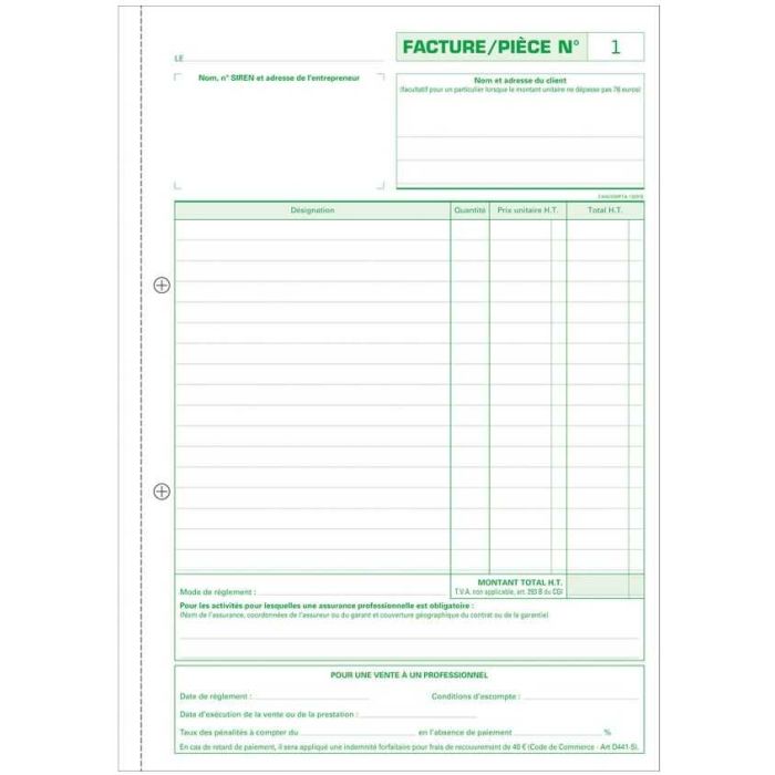Auto-Entrepreneur Facture - Carnet 210 x 297 mm EXACOMPTA autocopiant Dupli
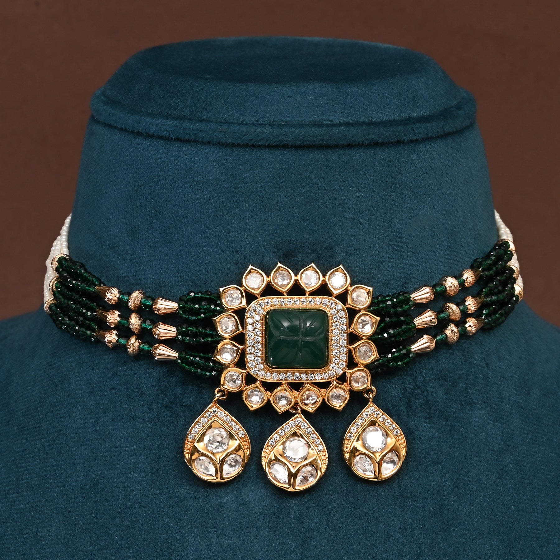 Elevate your elegance with this handcrafted Moissanite Choker Set, featuring dazzling real CZ and moissanite stones that closely mimic the brilliance of real diamonds. Each piece showcases a unique, one-of-a-kind design, expertly crafted to offer timeless sophistication and exceptional sparkle. Perfect for those seeking luxury with lasting shine and refined craftsmanship.
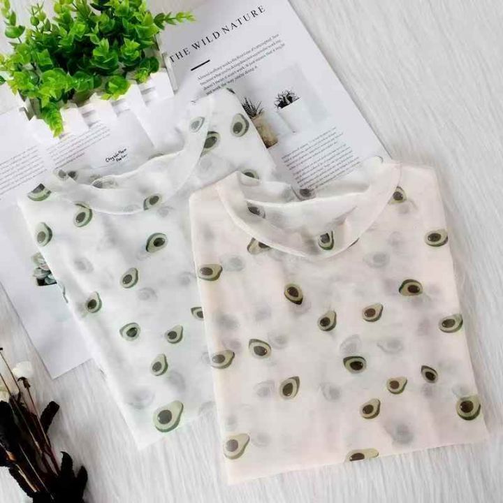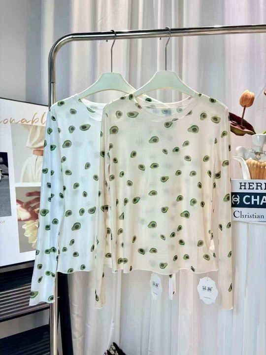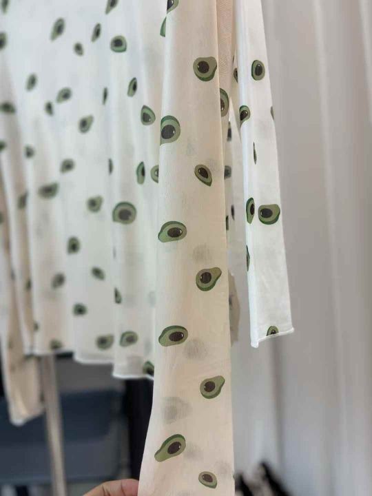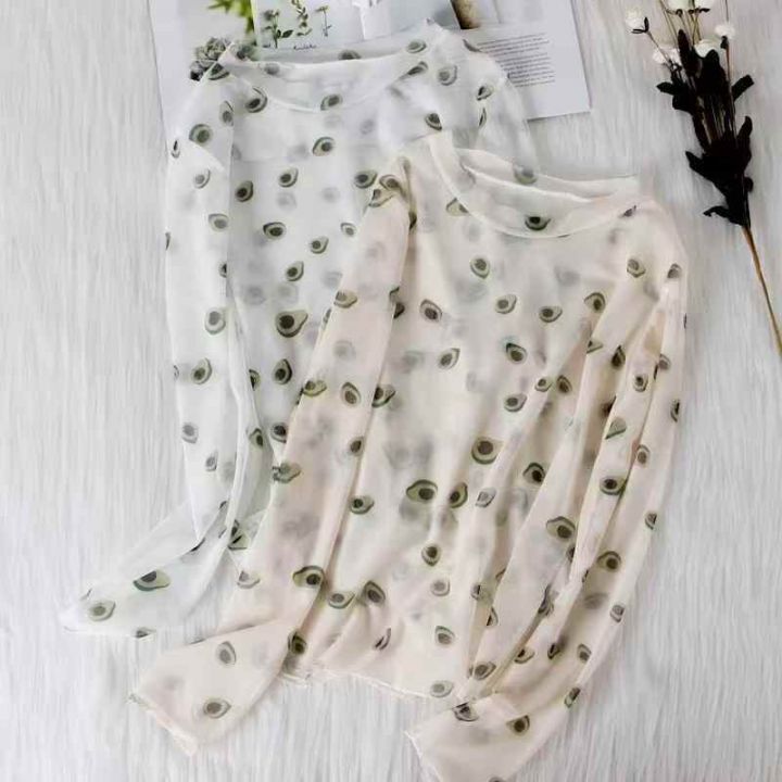 135件牛油果绿印花冰丝打底衫女内搭上衣性透视网纱防...
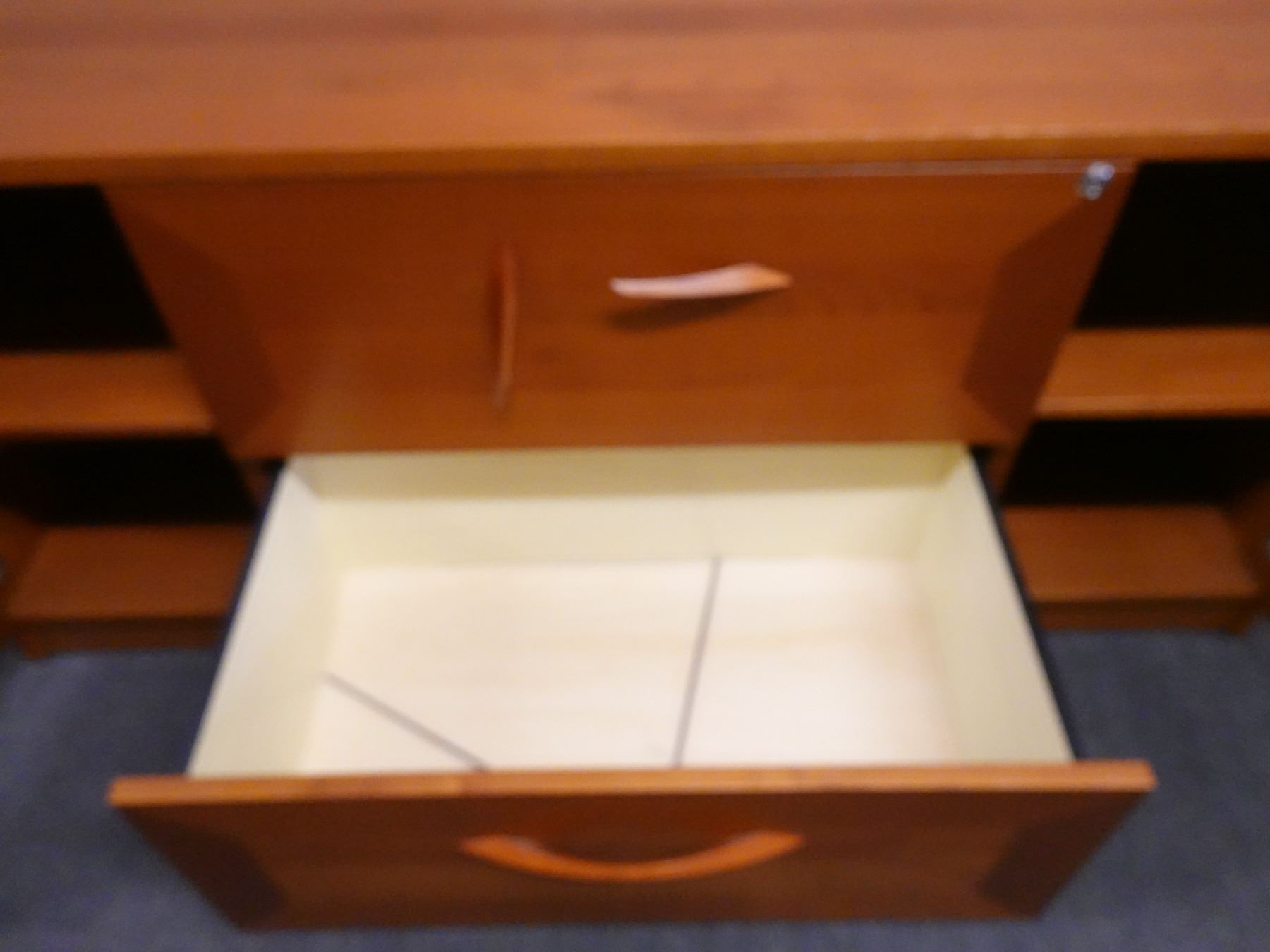 Wood Laminate Office Cabinet w/ 2 Drawers (1 handle broken) 63" x 20" x 29"H
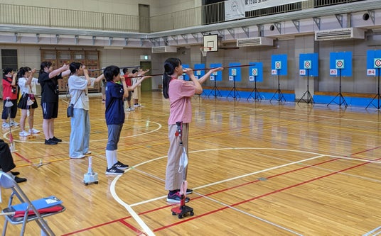 5m~10m先の円形の的をめがけて息を使って矢を放つスポーツです。
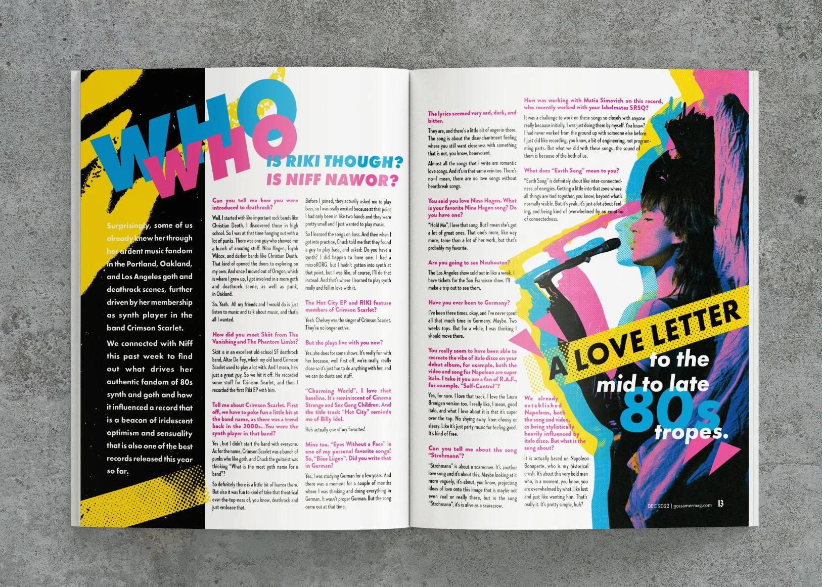 Gossamer is the magazine of the dark and mysterious. It is the magazine to keep you in the know of Gothic music, film, craft, and culture. Gossamer magazine will thrill (and possibly disturb) you through the dedication to shocking imagery, dramatic typography, and compelling layouts that will leave you waiting for the next issue.
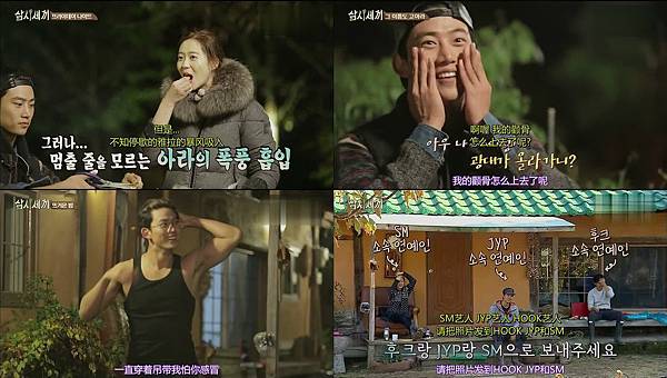 崔華靜還準備了大量的食物免得餓肚子。看著東西一項項掏出來,羅PD不得不出面解釋一下三時三餐的宗旨。XD
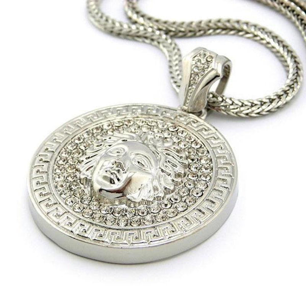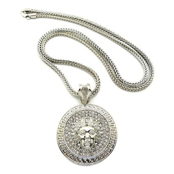 Hip Hop Round Medusa Head Zircon Rhinestone Pendant Clavicle Chain Necklace for Men, Chain Length: 90cm(Silver)
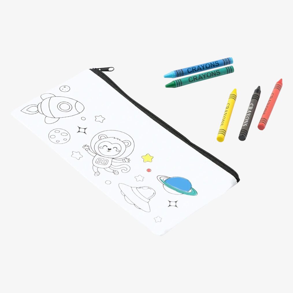 La trousse non-tissé SOLAZ est destinée à contenir des crayons et petits accessoires pour enfants. Elle comprend 5 crayons de couleur assortis pour le coloriage et mesure 22 x 11 cm.
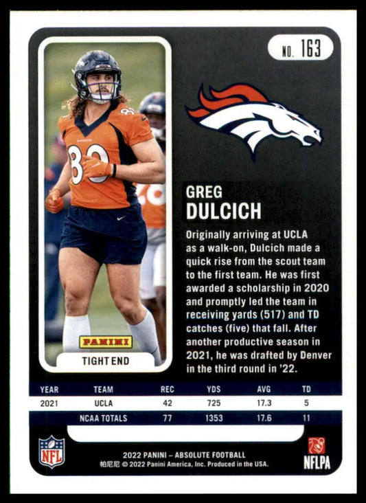 Greg Dulcich Rookie 2022 Panini Absolute Retail #163 Denver Broncos
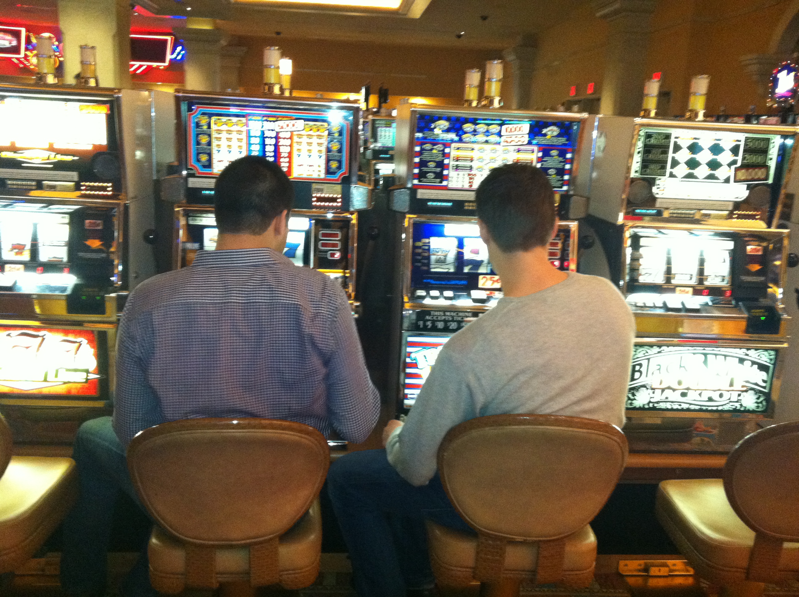 [Be Merry: I don’t think you’re allowed to take pictures in casinos, but I snuck this one. An Asian lady hoarding a large bag of quarters and about seven Bud Lights gave me a realllly dirty look]
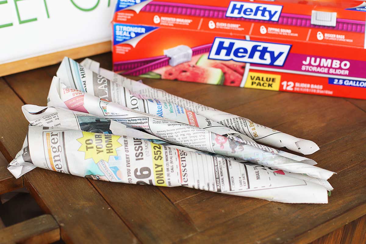 Cover the entire stem, bud and all, and tape the newspaper ends down. - Put Wrapped Stems In Plastic Bag
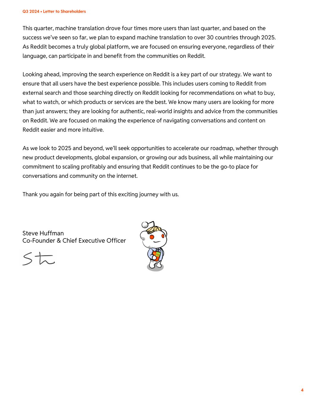 This quarter, machine translation drove four times more users than last quarter, and based on the success we’ve seen so far, we plan to expand machine translation to over 30 countries through 2025. As Reddit becomes a truly global platform, we are focused on ensuring everyone, regardless of their language, can participate in and benefit from the communities on Reddit. Looking ahead, improving the search experience on Reddit is a key part of our strategy. We want to ensure that all users have the best experience possible. This includes users coming to Reddit from external search and those searching directly on Reddit looking for recommendations on what to buy, what to watch, or which products or services are the best. We know many users are looking for more than just answers; they are looking for authentic, real-world insights and advice from the communities on Reddit. We are focused on making the experience of navigating conversations and content on Reddit easier and more intuitive. As we look to 2025 and beyond, we’ll seek opportunities to accelerate our roadmap, whether through new product developments, global expansion, or growing our ads business, all while maintaining our commitment to scaling profitably and ensuring that Reddit continues to be the go-to place for conversations and community on the internet. Thank you again for being part of this exciting journey with us. Steve Huffman Co-Founder & Chief Executive Officer Q3 2024 • Letter to Shareholders 4
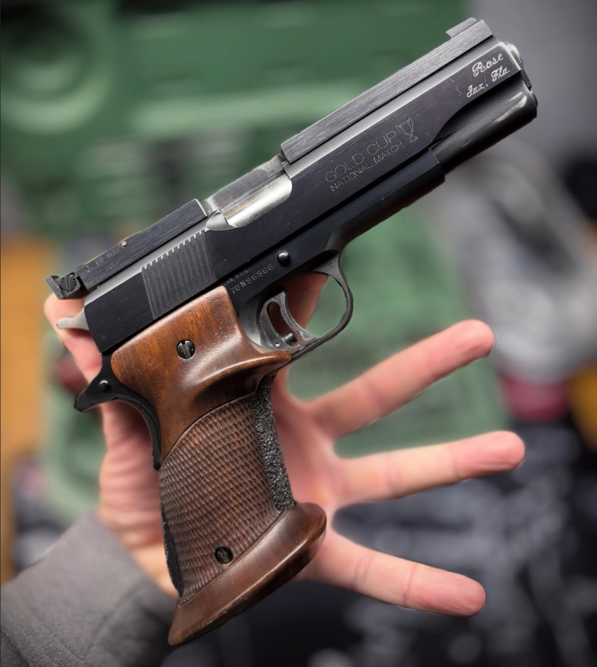 From 1911_purview Gold Cup National Match in .45 ACP by bullseye shooter and retired highway patrolman, Jimmy Gale Rose out of Jacksonville, Fl. For decades Jimmy made BE guns for hundreds of accomplished shooters in the southeast. He passed away in 201. Custom grips by Steve Herrett

## WHAT YOU ARE ASKED TO DO
With the pictures omitted, set down each line exactly, starting at the first line of the records above and ending with the line that contains "[Be Merry: I".

## EXERCISE RESPONSE
Auto-Entrepreneur Facture - Carnet 210 x 297 mm EXACOMPTA autocopiant Dupli
 Elevate your elegance with this handcrafted Moissanite Choker Set, featuring dazzling real CZ and moissanite stones that closely mimic the brilliance of real diamonds. Each piece showcases a unique, one-of-a-kind design, expertly crafted to offer timeless sophistication and exceptional sparkle. Perfect for those seeking luxury with lasting shine and refined craftsmanship.
 135件牛油果绿印花冰丝打底衫女内搭上衣性透视网纱防...
 Wood Laminate Office Cabinet w/ 2 Drawers (1 handle broken) 63" x 20" x 29"H
 5m~10m先の円形の的をめがけて息を使って矢を放つスポーツです。
 Gossamer is the magazine of the dark and mysterious. It is the magazine to keep you in the know of Gothic music, film, craft, and culture. Gossamer magazine will thrill (and possibly disturb) you through the dedication to shocking imagery, dramatic typography, and compelling layouts that will leave you waiting for the next issue.
 崔華靜還準備了大量的食物免得餓肚子。看著東西一項項掏出來,羅PD不得不出面解釋一下三時三餐的宗旨。XD
 Hip Hop Round Medusa Head Zircon Rhinestone Pendant Clavicle Chain Necklace for Men, Chain Length: 90cm(Silver)
 La trousse non-tissé SOLAZ est destinée à contenir des crayons et petits accessoires pour enfants. Elle comprend 5 crayons de couleur assortis pour le coloriage et mesure 22 x 11 cm.
 Greg Dulcich Rookie 2022 Panini Absolute Retail #163 Denver Broncos
 [Be Merry: I don’t think you’re allowed to take pictures in casinos, but I snuck this one. An Asian lady hoarding a large bag of quarters and about seven Bud Lights gave me a realllly dirty look]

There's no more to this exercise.